The new moon of the 5th, aided by a wind that at times
almost amounted to a gale, gave us along the western seaboard three very
high tides in succession ; that of the afternoon of the 6th, however,
being the highest. The naturalist who is fairly diligent on such
occasions is pretty sure to meet with more or less interesting matter
for thoughtful study; nor, so far as our own experience extends, need
the entries in one's note-book, even for what is called the "dead"
season of mid-winter, be fewer in number, or less interesting or
instructive than those of the pages devoted to the summer season itself.
We have known naturalists whose note-books presented little but a dreary
succession of blank pages for the winter half-year, and who thought it
odd that we should be surprised at it. It has been said that the laws of
disease are as beautiful as those of health, and that peace has its
victories as well as war, and we have no hesitation in saying that to
the true naturalist the winter season, if fairly and diligently
encountered, is in its way just as interesting as the summer, and that
the observer who has all his wits about him, and who goes to work with a
will, may have his
"victories"
even in the season of the winter solstice—victories as important in
their way and gratifying as are those of midsummer itself, when the days
are at their longest, when summer seas are calm and summer woods are
green. In the course of half an hour's ramble on the beach the other
day, we fell in with some curious waifs, each of which might be made the
text of an interesting monograph. Three drowned hedgehogs, for example,
was a somewhat startling "find" to turn up in a swathe of seaware that
the advancing tide was slowly rolling up the shingle. One was
full-grown, a female ; the other two, both males, were but half or three
parts grown. "What brought them there? was the natural question; for a
hedgehog, dead or living, on the sea-shore under high-water mark, is as
odd and out-of-place an object as would be a mackerel far up the hills
amongst the heather. The following is probably a satisfactory enough
explanation of the mystery :—Hedgehogs, which twenty years ago were
quite unknown in Lochaber, are now plentiful.
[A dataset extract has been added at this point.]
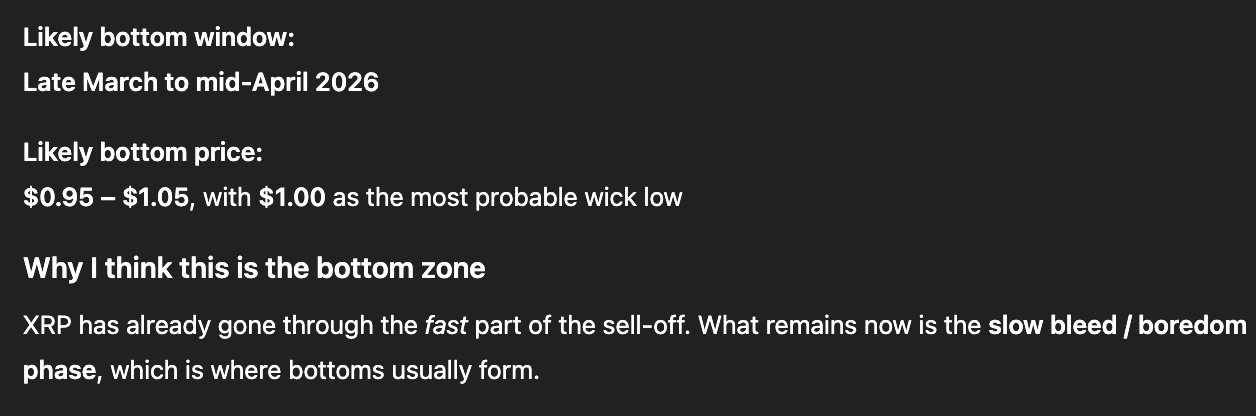 Theo đánh giá của ChatGPT, $ XRP có thể chạm đáy trong vòng hai tháng tới, nhiều khả năng nằm trong khoảng từ $0.95 đến $1.05, với mức $1.00 có thể là điểm giảm giá cuối cùng.

A pair, captured on Lord
Abinger's lands at Torlundy, were sent to us some dozen or fifteen years
ago as a great curiosity; and in this district then they were a
curiosity, so much so, that we can recollect that during the time they
remained in our possession as exceedingly tame and most interesting
pets, people from all parts of the country used to come in order to have
a close look at the black-snouted, spine-armoured hedge pigs, as
Shakespeare calls them, the graineag or repulsive one
of the midland Highlanders of Athole and Strathspey, where the animal
has always been plentiful. They have now become so common in this
district that a hedgehog is no more accounted a rarity than is a stoat
or a weasel. Hedgehogs are fond of making their cozy nests of moss,
grass fibres, and fallen leaves, near the roots of trees and bushes
growing on the banks of rivers and mountain streams. These last have of
late been frequently swollen beyond their usual bounds by the heavy
rains ; and in a spate of this kind poor Mrs. Hedgehog and her
youngsters were caught napping, and carried away by the torrent to the
sea, and ultimately cast ashore by the wind and waves, where we found
them- in their winding-sheet of slimy sea-wrack, and for a moment
wondered how it came to pass that they lay there, like poor Ophelia, "drown'd,
drown'd." One remarkable circumstance connected with these drowned
hedgehogs was this : we found to our surprise that we could handle them
with impunity; their spines, so formidable in the living animal, being
quite soft and gelatinous to their very tips. This is by no means the
case with the spines of such hedgehogs as are killed by trap, or
otherwise on land. In this latter case the spines retain their point and
prickliness, as in the living animal, till in the process of decay they
separate from their sockets in the skin, and drop in brittle, broken
fragments to the ground. A question, then, for future investigation is
this,—Do the spines of all drowned
hedgehogs lose their prickliness and point, and become soft and
gelatinous 1 If so, has fresh water alone this effect, or is it
necessary that the animal should be some time immersed in salt water
Within a short distance of the drowned hedgehogs, lay a
large angler or fishing-frog, the Lophius
piscatorius of
ichthyologists, and a frequent waif on our shores after a gale. It had
evidently been caught by the storm in shallow water, and been beaten to
death by the weight and force of the waves, for it was in excellent
condition, and there was nothing to indicate death in any other way. Why
in this fish such a huge head, with its formidable array of recurved
teeth, and such a cavernous, capacious gullet, should be joined to a
body comparatively so diminutive, is a puzzle that has never yet been
satisfactorily solved ; nor can we ourselves, up to this present moment,
advance even a plausible conjecture in explanation of an anomaly that
must have attracted the attention of thousands. The disproportion
between the immense head and the small and slender body is as great as
if you erected a porch lofty and wide enough to serve as the main
entrance to a cathedral, and vestibule to correspond, in order to enter
a dwelling consisting after all but of a single bedroom. Or, to put it
in another way, it is as if you built a large mill, with the most
powerful machinery possible, in order to grind sufficient meal for the
daily consumption of a single dyspeptic customer. The-fishing frog, has,
we believe, been of late successfully introduced into more than one of
our many aquaria, but we are not aware that any satisfactory explanation
of the difficulty which we are considering has as yet been arrived at. A
full and sufficient explanation, however, you may be sure there must he,
if we only knew enough of the animal's economy to get at it.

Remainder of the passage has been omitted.